* [The data]:

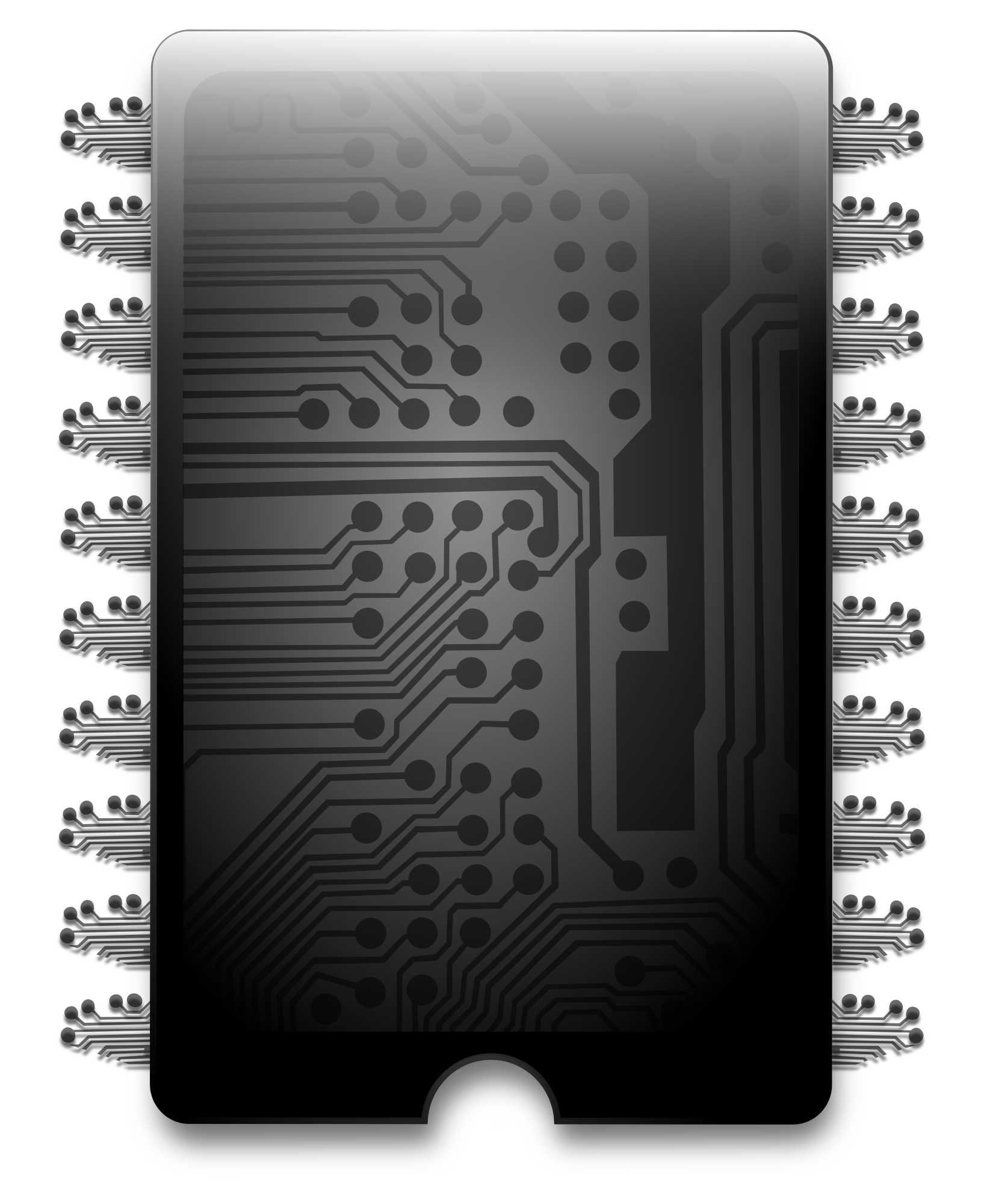 Biochip v10 with a black etched circuit board on the body and pins of the IC. This is a layered image. License: Public Domain
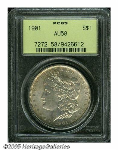 <B>1901<S$1> AU58 PCGS.</B></I> An example of this well known condition rarity that just misses Mint State status. Light golden-gray toning is accented by shimmering luster. Just the slightest hairlines and small contact marks limit the grade.<BR><I>From The Dr. John L. Pellegrini Collection.</B></I>
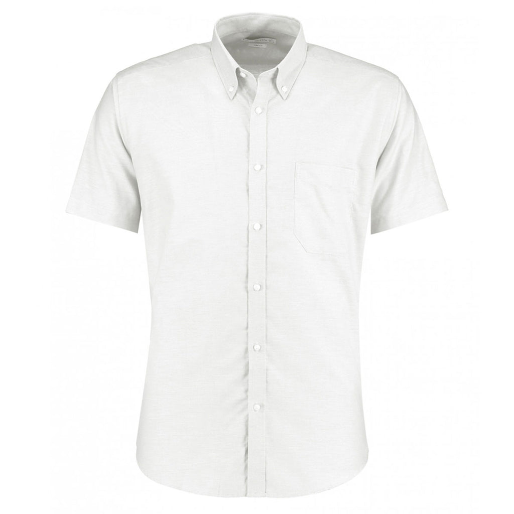 Minimalistic and traditional, the Kustom Kit Men's White Slim Fit Short Sleeve Oxford Shirt offers everything a smart shirt should. Able to be customised with your very own custom logo too, this shirt is ideal for creating a personalised workplace uniform. Lightweight yet professional in style, this shirt features a fused button-down collar, useful chest pocket and a flattering curved hem. Guaranteed to look business-like and smart with every wear, this slim fit shirt is perfect for a year-round custom logo uniform or to be used as a lighter summer option.
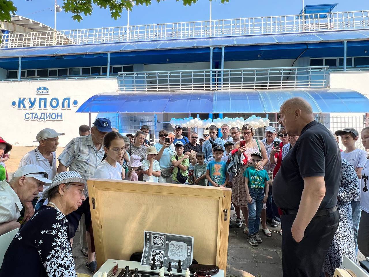 В 10.00 в праздничный день вместе с жителями города возрождена городская традиция шахматного досуга под открытым небом. В открытии приняли участие:

* [What to produce]:
Please return each line of the listing exactly as written, excluding the images.

* [Answer to this task]:
 Biochip v10 with a black etched circuit board on the body and pins of the IC. This is a layered image. License: Public Domain
 <B>1901<S$1> AU58 PCGS.</B></I> An example of this well known condition rarity that just misses Mint State status. Light golden-gray toning is accented by shimmering luster. Just the slightest hairlines and small contact marks limit the grade.<BR><I>From The Dr. John L. Pellegrini Collection.</B></I>
 Minimalistic and traditional, the Kustom Kit Men's White Slim Fit Short Sleeve Oxford Shirt offers everything a smart shirt should. Able to be customised with your very own custom logo too, this shirt is ideal for creating a personalised workplace uniform. Lightweight yet professional in style, this shirt features a fused button-down collar, useful chest pocket and a flattering curved hem. Guaranteed to look business-like and smart with every wear, this slim fit shirt is perfect for a year-round custom logo uniform or to be used as a lighter summer option.
 В 10.00 в праздничный день вместе с жителями города возрождена городская традиция шахматного досуга под открытым небом. В открытии приняли участие:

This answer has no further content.